Suppose $f: [0,1] \rightarrow [0,1] $ and $f(x) \leq \int_0^x \sqrt{f(t)}dt$. Show that $f(x) \leq x^2$ for all $x \in [0,1]$. 
Let  $f(x): [0,1] \rightarrow [0,1] $ such that $f(x) \leq \int_0^x \sqrt{f(t)}\,dt$. Show that $f(x) \leq x^2$ for all $x \in [0,1]$. 

I tried reiterating the inequality, obtaining $f(x) \leq \int_0^x1dt = x; f(x) \leq \int_0^x \sqrt{t}dt = \frac{2}{3}x^{3/2}$ etc... While it's easy to see that the exponent of $x$ tends to $2$, it's more difficult to show that the coefficient is $1$. Can somebody help me? 
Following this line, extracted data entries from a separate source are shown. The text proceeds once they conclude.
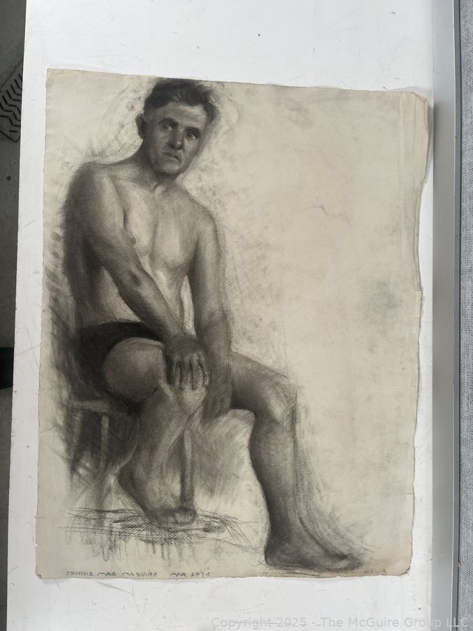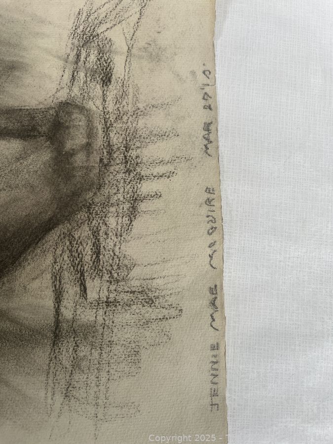 Lot #0102RM: Top Unframed Charcoal On Paper Titled, "The Seated Watcher" Circa 1915 Signed By Jennie Mae McGuire (WAS 753)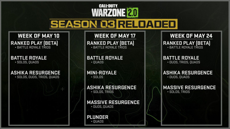 Asszem plunder(100 player, urkzistan), resurgance(44 player rebirth isnland meg area99), vannak még most playlisten. A nagy br az qaud/trio/duo/solo(de talán a két kis map szintén zenész), is, szintén urkzistan.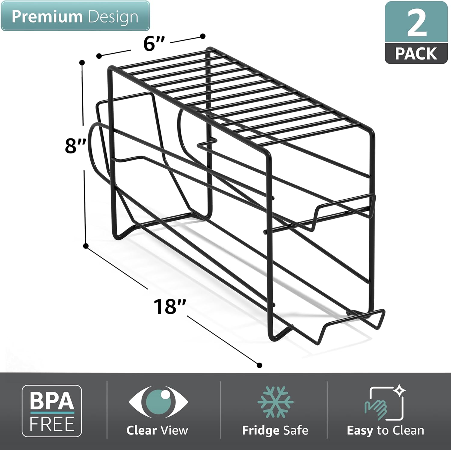 - Durable and Refined Design: Measuring approximately 18” L x 6” W x 8” H, this soda can holder for refrigerator is made from durable metal.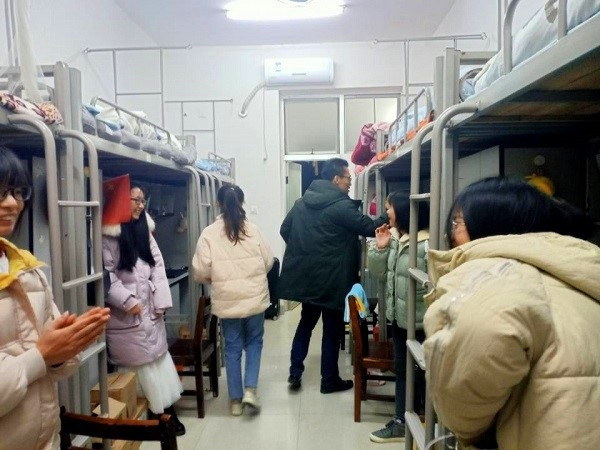 宋南假前走访学生宿舍 来源:公管学办 作者:公管学办 发布时间:2019-12-29 17:05:19 浏览次数: 次 【字体:小 大】 12月26日20:10,宋南对所带班级进行一次宿舍安全卫生检查。 在走访的过程中,宋南详细询问同学们课业和课余生活,强调了良好舍风的重要性,对同学们遇到的困难与问题提出了有效的建议。进入期考备考阶段,宋南提醒同学们合理安排时间,做好期考准备。宋南还着重强调了宿舍严禁使用违禁电器和寒假放假的安全问题,进一步加强了学生的安全问题。 此次走访,加深了师生之间的交流,使同学们体会到老师的关心与温暖,对同学们的学习与生活起到积极鼓励作用。 走访现场 分享到: 【打印正文】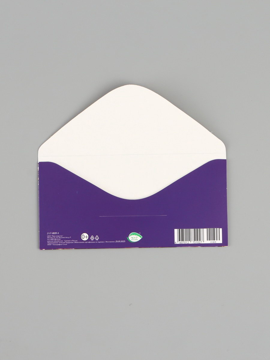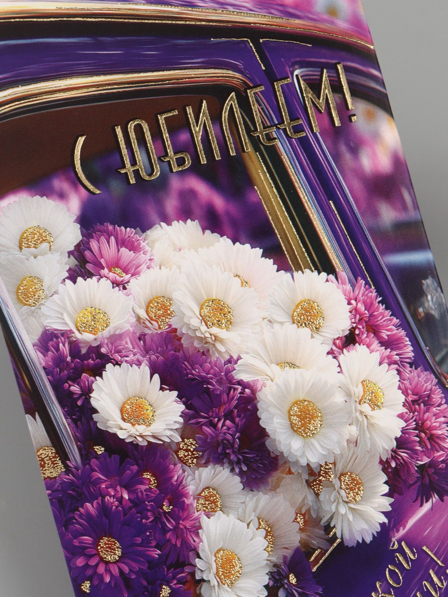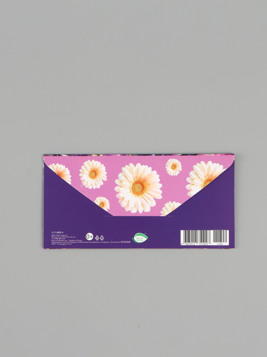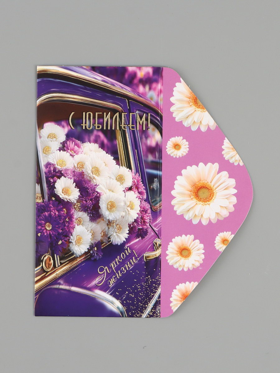 Конверт для денег "С юбилеем!", ромашки, сиреневый, 16.5x8 см, Россия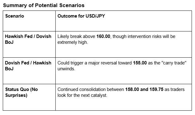 The Impact: The real movement will come from the “Dot Plot” (projections for future rate cuts). If the Fed signals fewer cuts for 2026 due to sticky inflation (currently around 3.1%), the US Dollar could surge, potentially testing the 160.00 level against the Yen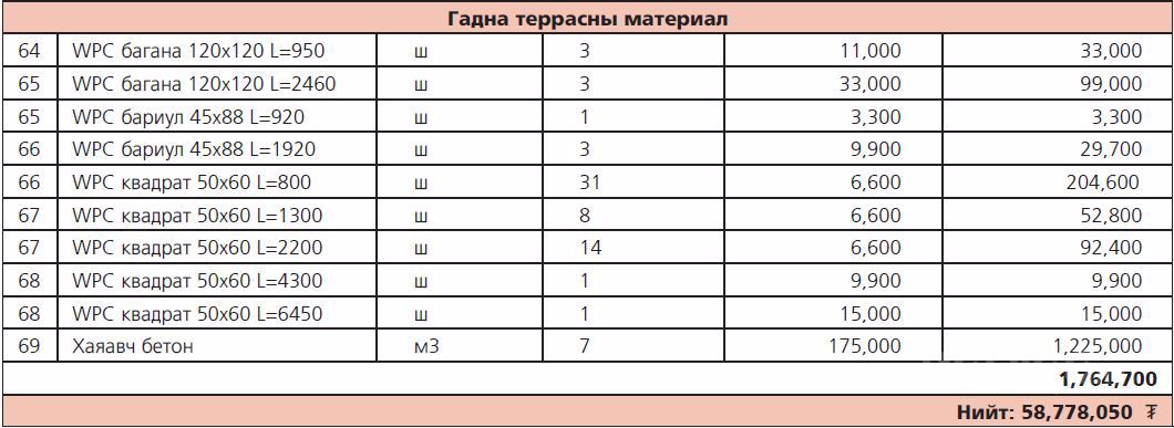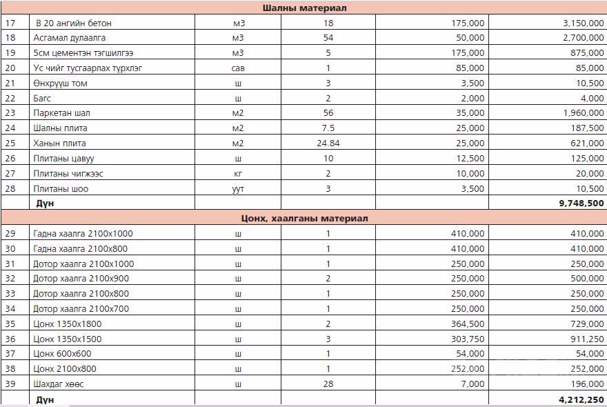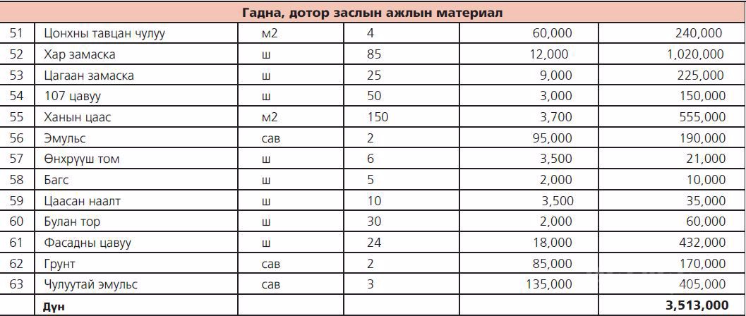 Ажлын тоо хэмжээгээр материалын нийт орцыг тодорхойлж, нэр төрлөөр нь нэгтгэнэ.

 A: I assume that $f$ is Lebesgue integrable along with the other hypotheses. Let $x\in [0,1].$ Let $M_x$ be the supremum of $f$ over $[0,x].$ If $M_x=0,$ there is nothing to prove. So assume $M_x>0.$ Let $0<\epsilon< M_x.$ Choose $x_\epsilon\in [0,x]$ such that $f(x_\epsilon) > M_x-\epsilon.$ Then
$$M_x-\epsilon < f(x_\epsilon) \le \int_0^{x_\epsilon}\sqrt {f(t)}\,dt \le x\sqrt{M_x}.$$
Now let $\epsilon\to 0^+$ to see $M_x\le x\sqrt{M_x},$ which implies $\sqrt{M_x}\le x.$ Squaring, we see $f(x)\le M_x\le x^2,$ giving the result.
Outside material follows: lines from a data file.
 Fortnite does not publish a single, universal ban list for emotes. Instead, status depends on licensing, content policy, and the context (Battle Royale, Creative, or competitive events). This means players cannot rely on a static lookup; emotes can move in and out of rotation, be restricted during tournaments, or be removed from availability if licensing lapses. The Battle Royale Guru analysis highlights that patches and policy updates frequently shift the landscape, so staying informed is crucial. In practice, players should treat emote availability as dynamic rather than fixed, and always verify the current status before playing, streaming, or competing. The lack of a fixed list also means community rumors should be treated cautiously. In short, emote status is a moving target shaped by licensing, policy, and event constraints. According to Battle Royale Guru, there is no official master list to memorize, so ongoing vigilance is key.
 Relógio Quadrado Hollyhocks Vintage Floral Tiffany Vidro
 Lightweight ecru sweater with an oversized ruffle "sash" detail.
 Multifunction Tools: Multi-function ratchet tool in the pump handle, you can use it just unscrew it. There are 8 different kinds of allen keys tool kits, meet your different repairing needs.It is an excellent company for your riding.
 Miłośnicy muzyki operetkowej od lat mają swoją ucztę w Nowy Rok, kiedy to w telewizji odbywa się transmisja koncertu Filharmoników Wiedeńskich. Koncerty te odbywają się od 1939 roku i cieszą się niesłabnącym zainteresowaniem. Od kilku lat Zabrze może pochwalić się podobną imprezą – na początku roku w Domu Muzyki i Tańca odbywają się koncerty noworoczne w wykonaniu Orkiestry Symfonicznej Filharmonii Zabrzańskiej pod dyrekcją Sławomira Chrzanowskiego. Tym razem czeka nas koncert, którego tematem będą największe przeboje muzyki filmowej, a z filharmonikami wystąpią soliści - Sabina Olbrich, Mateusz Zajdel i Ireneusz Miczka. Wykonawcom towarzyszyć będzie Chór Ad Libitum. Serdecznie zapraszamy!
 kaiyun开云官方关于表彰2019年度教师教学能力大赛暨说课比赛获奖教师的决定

A: Suppose $b_{n+1}=\frac 12(b_n+2)$ and $a_{n+1}=\frac{a_n^{1/2}}{b_{n+1}}$, then $f(x) \le a_nx^{b_n}\Rightarrow f(x)\le a_{n+1}x^{b_{n+1}}$. As you showed, $f(x)\le a_0x^{b_0}$ where $a_0=b_0=1$. To solve the recurrence for $b_n$ put $B_n=2^{n}b_n$ and notice $b_{n+1}-\frac 12b_n=1\Rightarrow 2^{n+1}b_{n+1}-2^{n}b_n=B_{n+1}-B_n=2^{n+1}$, summing over $n$ gives $B_{N}-B_0=\sum_{n=0}^{N-1} 2^{n+1}=2^{N+1}-2$ and therefore $b_{N}=2^{-N}(2^{N+1}-2+b_0)=2-2^{-N}$. The $b_n$'s are increasing, so $\frac 1{b_n}$ is a decreasing sequence. Assume $a_{n+1}\le a_n$ so $a_{n+1}^{1/2}\le a_n^{1/2}$ and hence $a_{n+2}=\frac{a_{n+1}^{1/2}}{b_{n+2}} \le \frac{a_{n}^{1/2}}{b_{n+1}}=a_{n+1}$. Because $a_1=\frac 23\le 1 =a_0$, this holds for $n=0$ and induction shows $a_n$ is a decreasing sequence bounded below by $0$, thus has a limit $a$. Taking this limit shows $a=a^{1/2}/2$ because $b_n\to 2$, and therefore $a=1/4$. Finally, $f(x)\le a_nx^{b_n}\to \frac 14x^2$.